Sockets Programming Paradigm | GNU/Linux Application Programming (Programming Series)

The Sockets paradigm involves a number of different elements that must be understood to use it properly. Let s look at the Sockets paradigm in a hierarchical fashion.

At the top of the hierarchy is the host. This is a source or destination node on a network to or from which packets are sent or received. (Technically, we would refer to interfaces as the source or destination, as a host may provide multiple interfaces, but we re going to keep it simple here.) The host implements a set of protocols. These protocols define the manner in which communication occurs. Within each protocol is a set of ports. Each port defines an endpoint (the final source of destination). See Table 12.1 for a list of these elements (and Figure 12.2 for a graphical view of these relationships).

Table 12.1: Sockets Programming Element Hierarchy
Element	Description
Host (Interface)	Network address (a reachable network node)
Protocol	Specific protocol (such as TCP or UDP)
Port	Client or server process endpoint

Figure 12.2: Graphical view of host/protocol/port relationship.

Hosts

Hosts are identified by addresses, and for IP (Internet Protocols), these are called IP addresses. An IPv4 address (of the version 4 class) is defined as a 32-bit address. This address is represented by four 8-bit values. A sample address can be illustrated as:

 192.168.1.1    or    0xC0A80101

The first value shows the more popular form of IPv4 addresses, which is easily readable. The second notation is simply the first address in hexadecimal format (32 bits wide).

Protocol

The protocol specifies the details of communication over the socket. The two most common protocols used are the Transmission Control Protocol (TCP) and the User Datagram Protocol (UDP). TCP is a stream-based reliable protocol, and UDP is a datagram (message)-based protocol that can be unreliable. We ll provide additional details of these protocols in this chapter.

Port

The port is the endpoint for a given process (interface) for a protocol. This is the application s interface to the Socket interface. Ports are unique on a host (not interface) for a given protocol. Ports are commonly called bound when they are attached to a given socket.
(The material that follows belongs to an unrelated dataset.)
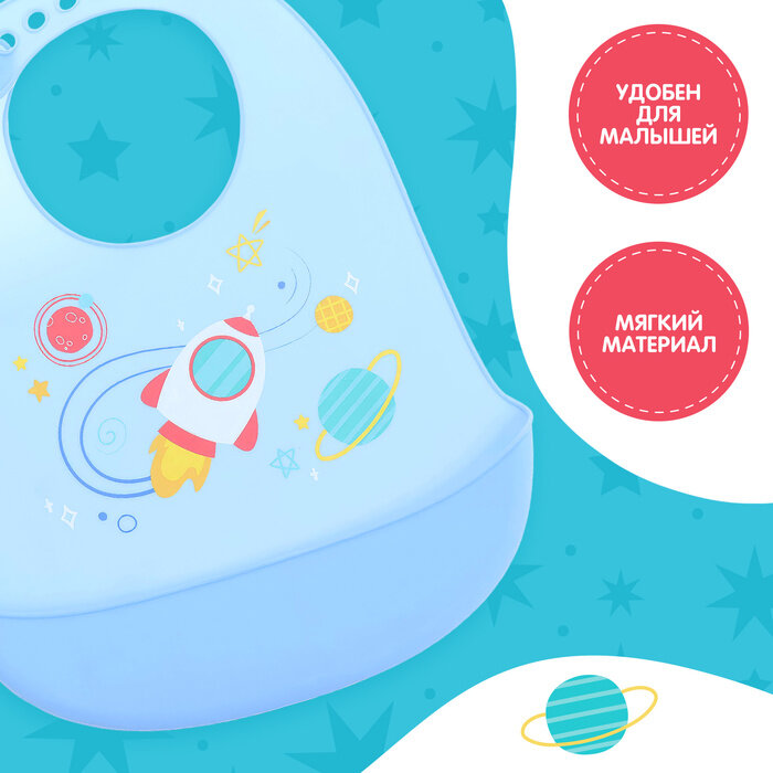 Купить Нагрудник для кормления «Космос», силиконовый, с карманом, цвет голубой

Ports are numbers that are split basically into two ranges. Port numbers below 1024 are reserved for well-known services (called well-known addresses). Port numbers above 1024 are typically used by applications.

Note

The original intent of service port numbers (such as FTP, HTTP, and DNS) was that they fall below port number 1024. Of course, the number of services exceeded that number long ago. Now, many system services occupy the port number space greater than 1024 (for example NFS at port number 2049 and X-11 at port number 6000).

Addressing

From this discussion, we see that a tuple uniquely identifies an endpoint from all other endpoints on a network. Consider the following tuple:

 { tcp, 192.168.1.1, 4097 }

This defines the endpoint on the host identified by the address 192.168.1.1 with the port 4097 using the TCP protocol.

The Socket

Simply put, a Socket can be defined as an endpoint of a communications channel between two applications. An example of this is defined as two tuples:

 { tcp, 192.168.1.1, 4097 }     { tcp, 10.0.0.1, 5820 }

Figure 12.3: Visualization of a Socket between two hosts.
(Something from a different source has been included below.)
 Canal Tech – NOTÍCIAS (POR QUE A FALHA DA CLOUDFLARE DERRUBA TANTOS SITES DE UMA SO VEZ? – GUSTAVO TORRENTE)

The first item to note is that a socket is defined as an association of two endpoints that share the same protocol. The IP addresses are different here, but they don t have to be. We could communicate via sockets in the same host. The port numbers are different here, but they could be the same unless they exist on the same host. Port numbers assigned by the TCP/IP stack are called ephemeral ports . This relationship is shown visually in Figure 12.3.

Client/Server Model

In most Sockets applications, there exists a server (responds to requests and provides responses) and a client (makes requests to the server). The Sockets API (which we ll explore in the next section) provides commands that are specific to clients and to servers. Figure 12.4 illustrates two simple applications that implement a client and a server.

Figure 12.4: Client/server symmetry in Sockets applications.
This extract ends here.